#### Dataset section

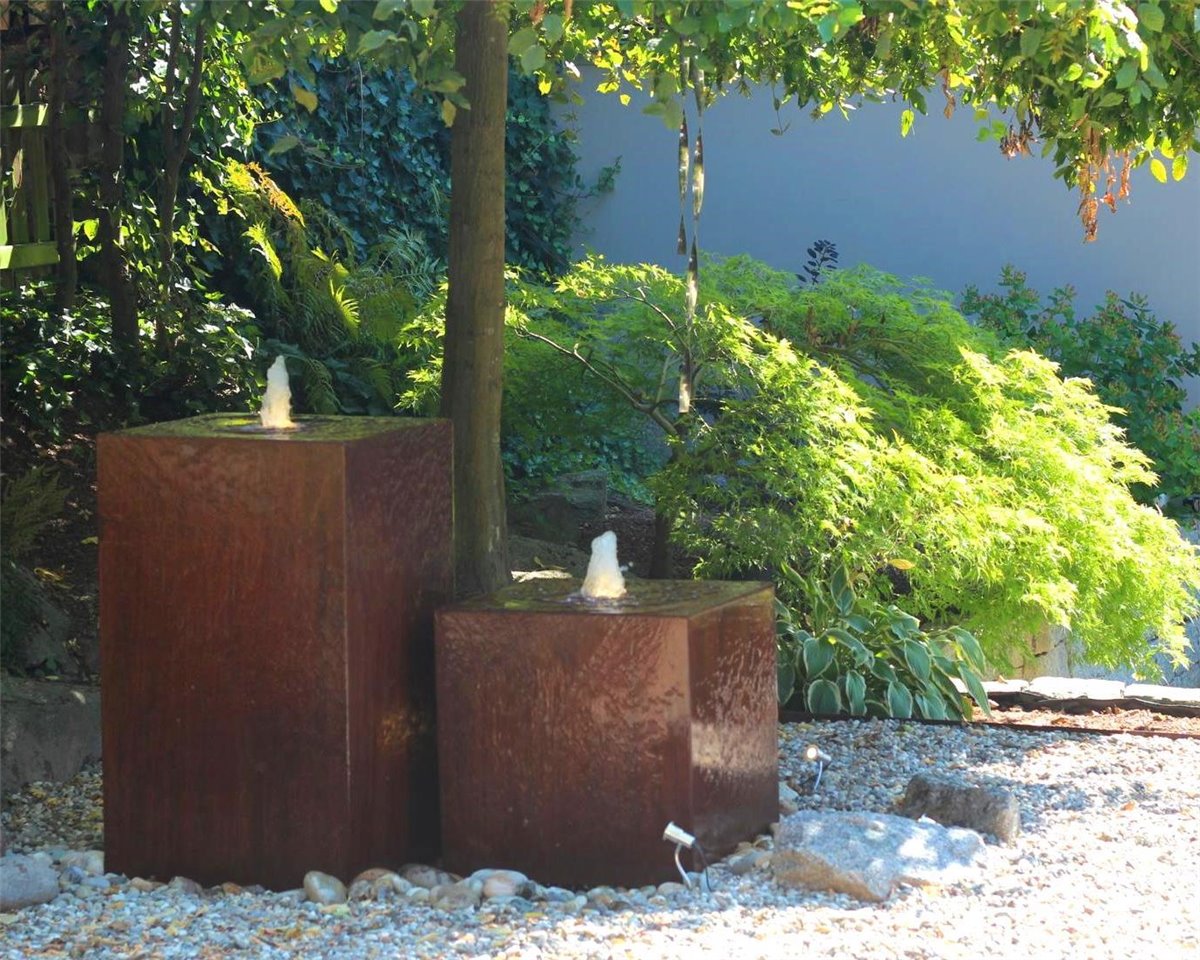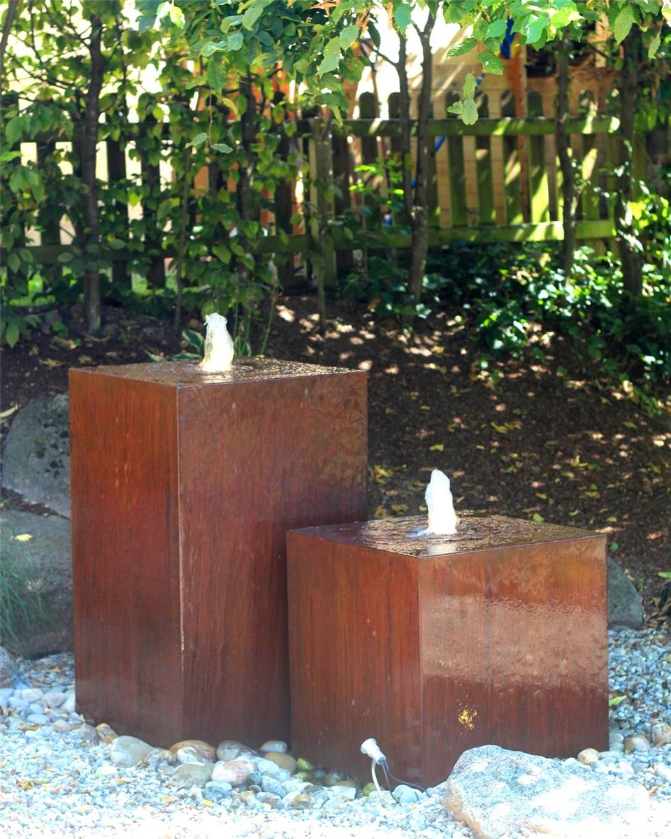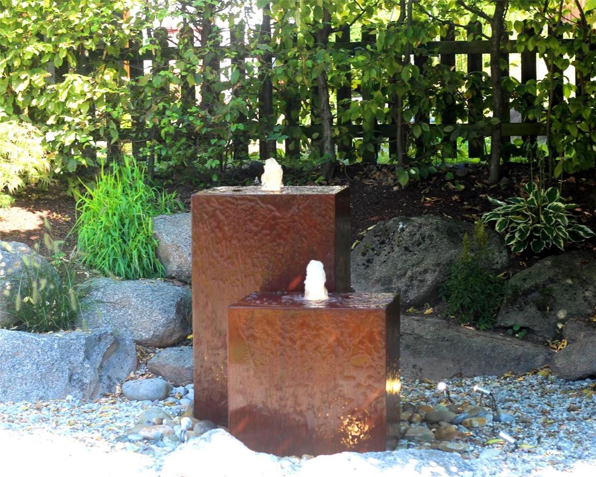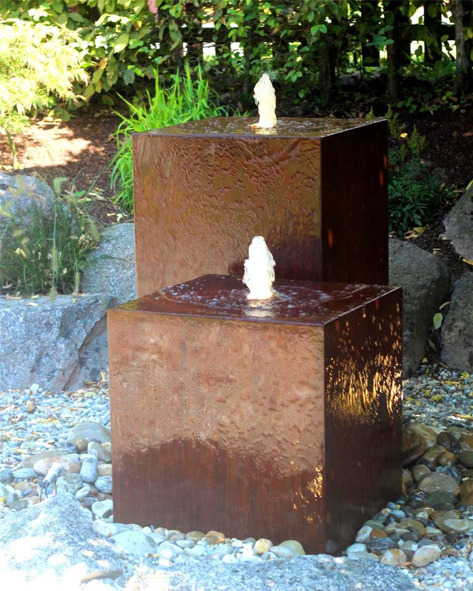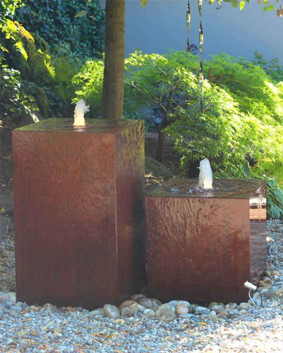 Cortenstahl Duo 60/100cm Würfel und Quader Edelrost Gartenbrunnen Komplettset
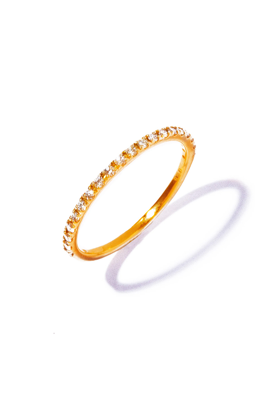 K18のリングの半周にダイヤモンドを配し、華やかな輝きをまとわせた特別なデザイン。
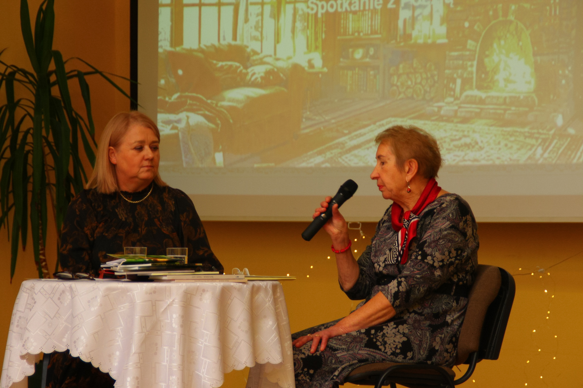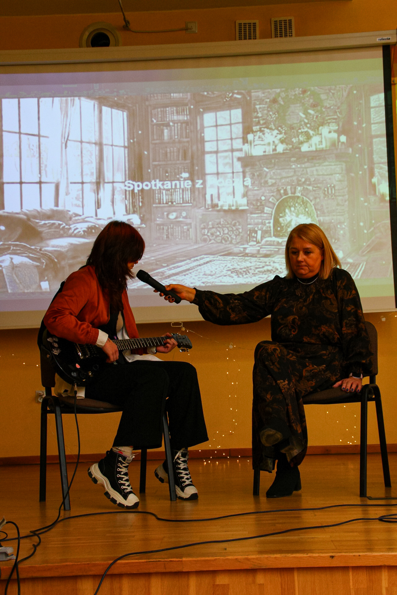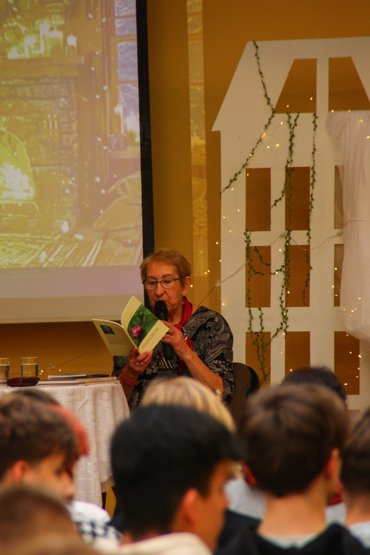Podczas spotkania młodzież recytowała wiersze autorki. Pani Maria, odpowiadając na pytania, opowiedziała o inspiracjach twórczych i procesie tworzenia poezji. Uczniowie mieli również możliwość zadawania pytań i rozmowy z poetką.

########

Your assignment =
Please produce an exact copy of all the material, leaving out the pictures.

Written reply =
 Cortenstahl Duo 60/100cm Würfel und Quader Edelrost Gartenbrunnen Komplettset
 K18のリングの半周にダイヤモンドを配し、華やかな輝きをまとわせた特別なデザイン。
Podczas spotkania młodzież recytowała wiersze autorki. Pani Maria, odpowiadając na pytania, opowiedziała o inspiracjach twórczych i procesie tworzenia poezji. Uczniowie mieli również możliwość zadawania pytań i rozmowy z poetką.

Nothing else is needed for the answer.